*** Opening of Dataset content ***

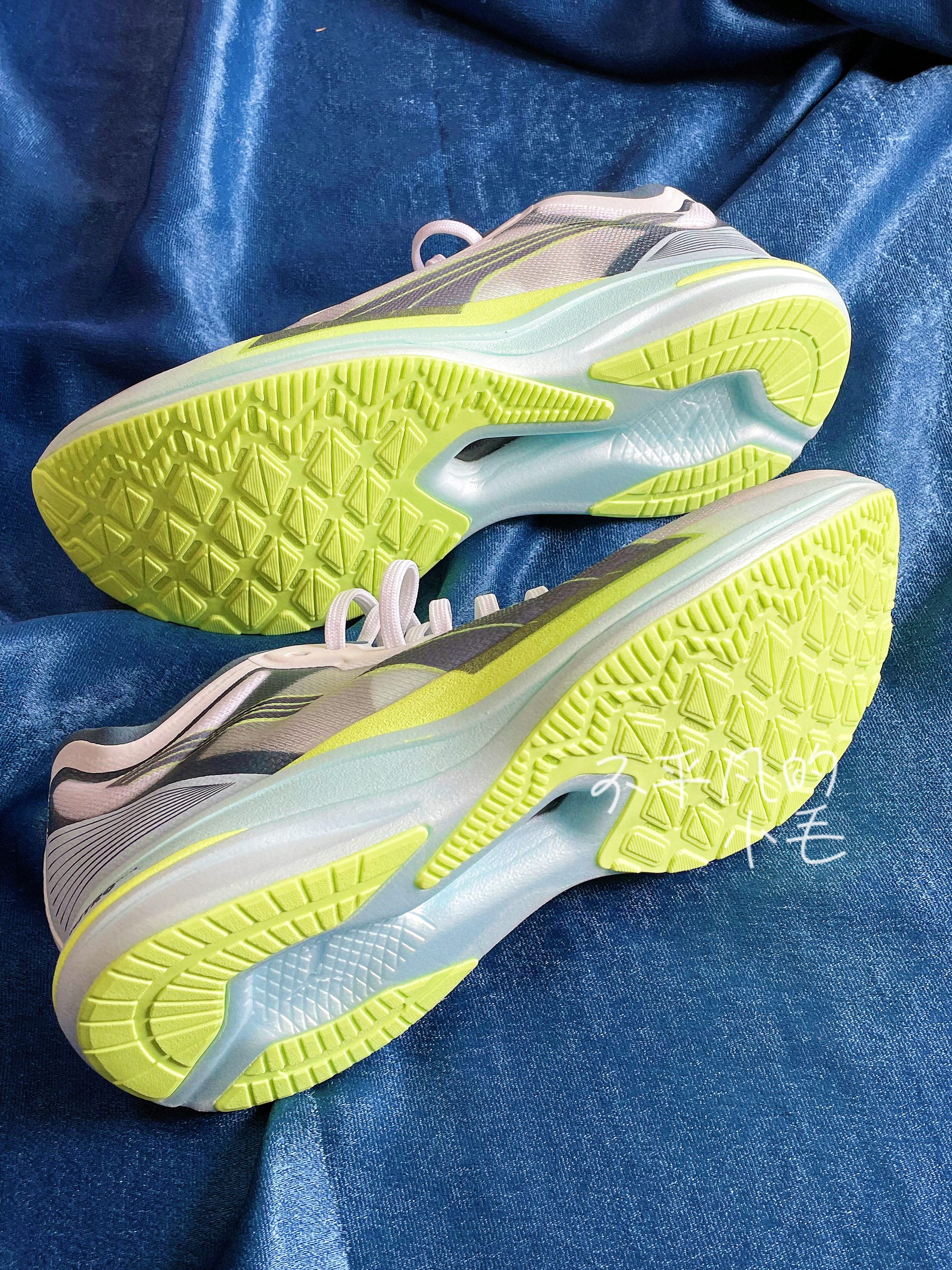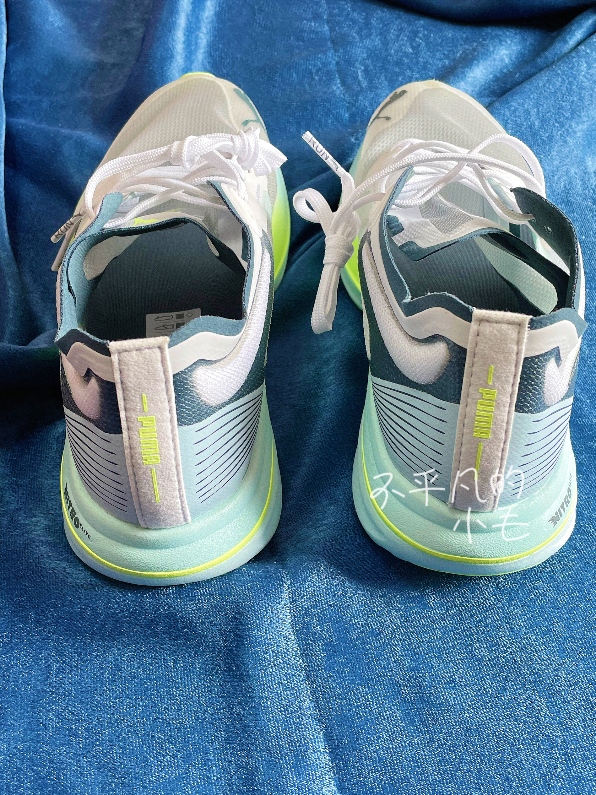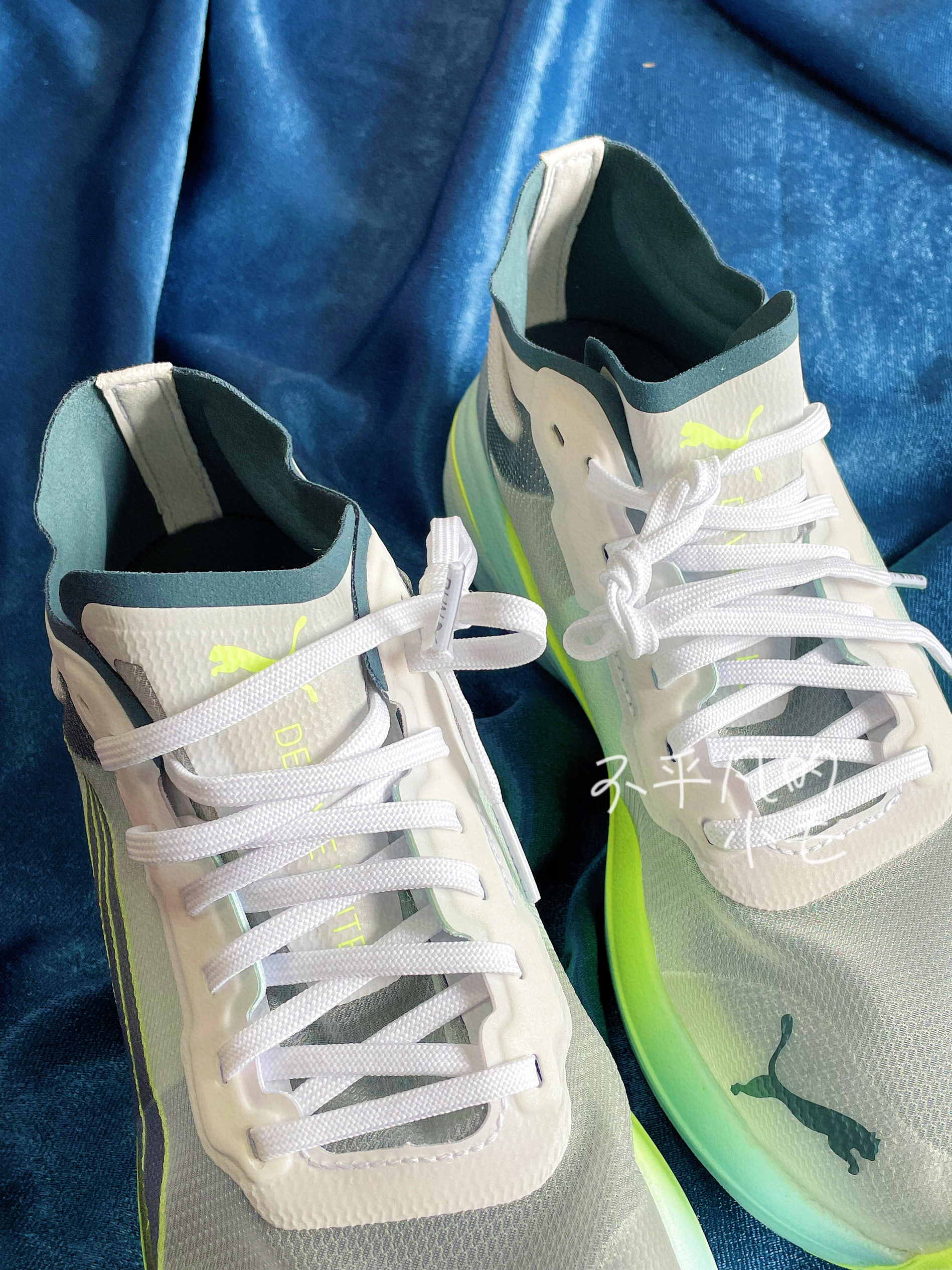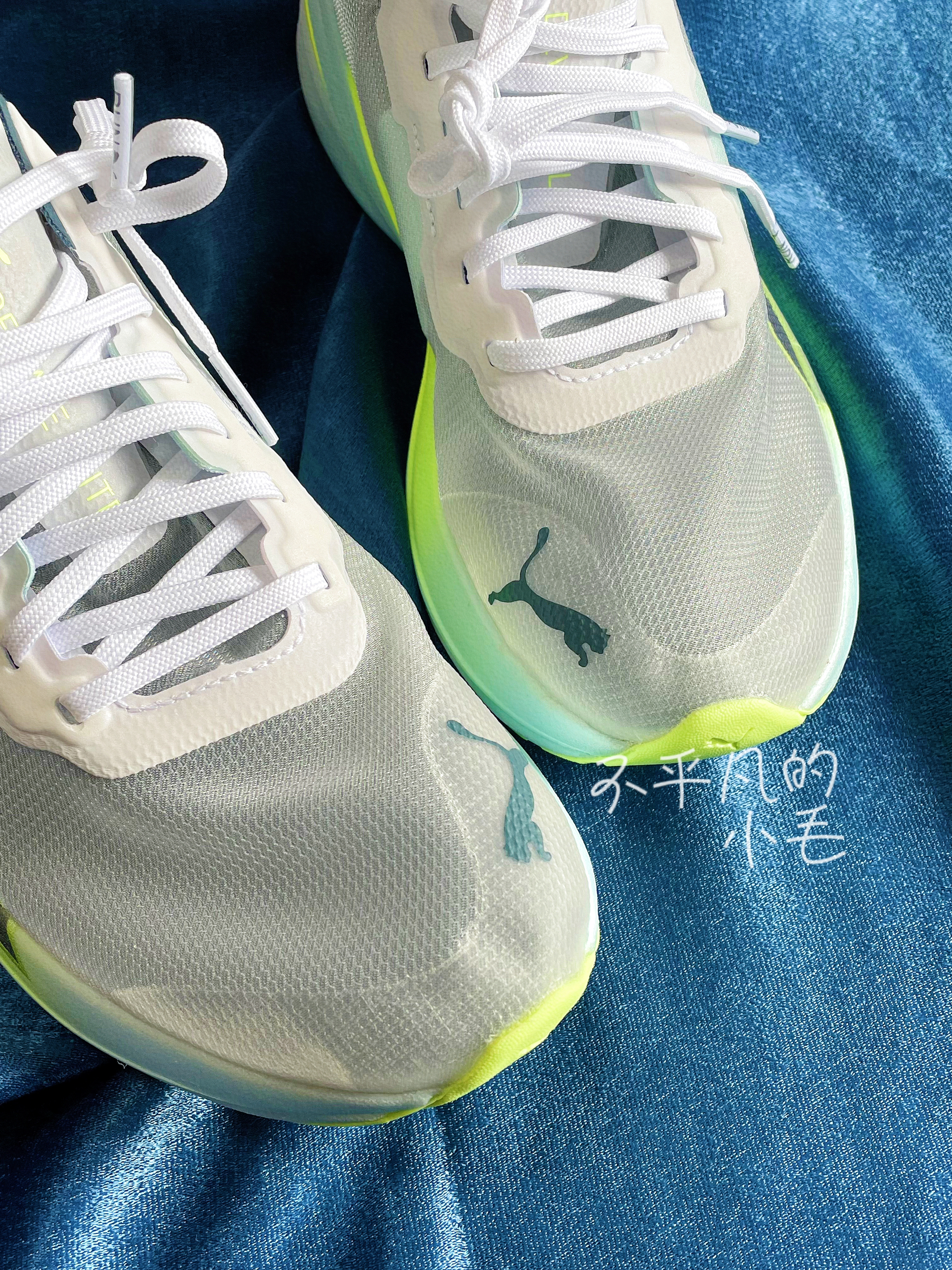 👟名称:Puma Deviate Nitro Elite Racer低帮跑步鞋灰绿蓝 ✅鞋子刚到手里第一感觉就是这双鞋子上脚肯定就像穿了一层纱一样透气,肉眼可见的透气孔,真的太舒服了。 ✅鞋子整体采用了灰白色搭配,加上荧光绿的点缀显得特别的清新,鞋头出来两个对称的彪马图案,特别的经典时尚。 ✅鞋底的回弹效果也是不错的,但是这双鞋子的价格确实有点上升🔝上脚确实舒服。
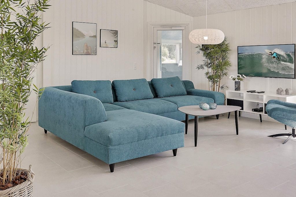 La maison de vacances dispose d'un salon chaleureux avec table à manger et coin canapé. Vous pourrez profiter de la chaleur du poêle à bois en lisant un bon film ou un livre. L'élégante cuisine entièrement équipée prolonge le salon. Vous y trouverez une cuisine très spacieuse avec plaque de cuisson supplémentaire, réfrigérateur, four et suffisamment d'espace pour les grands repas.
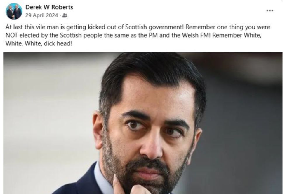 Sharing an image of Muslim former First Minister of Scotland Humza Yousaf, Roberts wrote: “At least this vile man is being kicked out of Scottish government.

*** Close of Dataset content ***

Would you return all of the data above word for word, omitting every picture?

 👟名称:Puma Deviate Nitro Elite Racer低帮跑步鞋灰绿蓝 ✅鞋子刚到手里第一感觉就是这双鞋子上脚肯定就像穿了一层纱一样透气,肉眼可见的透气孔,真的太舒服了。 ✅鞋子整体采用了灰白色搭配,加上荧光绿的点缀显得特别的清新,鞋头出来两个对称的彪马图案,特别的经典时尚。 ✅鞋底的回弹效果也是不错的,但是这双鞋子的价格确实有点上升🔝上脚确实舒服。
 La maison de vacances dispose d'un salon chaleureux avec table à manger et coin canapé. Vous pourrez profiter de la chaleur du poêle à bois en lisant un bon film ou un livre. L'élégante cuisine entièrement équipée prolonge le salon. Vous y trouverez une cuisine très spacieuse avec plaque de cuisson supplémentaire, réfrigérateur, four et suffisamment d'espace pour les grands repas.
 Sharing an image of Muslim former First Minister of Scotland Humza Yousaf, Roberts wrote: “At least this vile man is being kicked out of Scottish government.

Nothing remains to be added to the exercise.